Je prenais une grande inspiration avant d'entrer dans la salle de potions. Mon regard se posa en premier sur un dos aux larges épaules dans lequel dansaient des cheveux ébène. Je serrai fort mon manuel entre mes bras, jusqu'à me faire mal et j'avançai vers ma place avec un masque d'indifférence sur le visage. Je sentis le regard de Sirius se poser sur moi et ma respiration se bloqua. Il allait être juste derrière moi pendant les trois heures qui allaient suivre et je n'étais pas sûre de pouvoir supporter ça. Remus me sourit largement lorsque j'arrivai près de lui mais je daignai à peine lui accorder un regard. Je portai mon intention sur mon chaudron autour duquel je disposai les ingrédients qui allaient servir. Remus s'éclaircit la voix alors que je sentais toujours les yeux de Sirius me brûler le dos. J'allais m'assoir quand un vertige me fit tourner la tête. Je m'assis précipitamment sur ma chaise pour éviter de m'écrouler par terre et me pris la tête entre les mains. J'avais à peine dormi cette nuit, incapable de faire taire la douleur qui brûlait dans ma poitrine. J'avais aussi manquer quelques repas ces derniers jours ce qui ne devait pas aider.
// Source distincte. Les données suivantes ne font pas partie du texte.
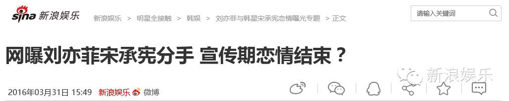 有的恋情来的突然,被曝分手也很突然!对,我说的就是刘亦菲和宋承宪。

- Nora ? Ça va ? demanda Remus inquiet.

Je lui adressai un regard noir pour qu'il me laisse tranquille. Il ne dit rien pendant plus d'une heure puis il ne supporta plus le silence.

- Je croyais que tu n'en avais rien à faire de ce que j'étais.

Il pensait que je l'ignorais car il était un loup garou, ridicule, pensai-je.

- Je croyais que tu étais mon amie, continua-t-il tristement.

Je manquai de m'étrangler.

- Ton amie ? répétai-je amèrement.

Il parut étonné par ma réaction, mais je me fis plus claire :

- Un ami m'aurait prévenue que Sirius se foutait de moi.

- Sirius ne…, commença-t-il.

- Ne me mens pas, le coupai-je en haussant la voix.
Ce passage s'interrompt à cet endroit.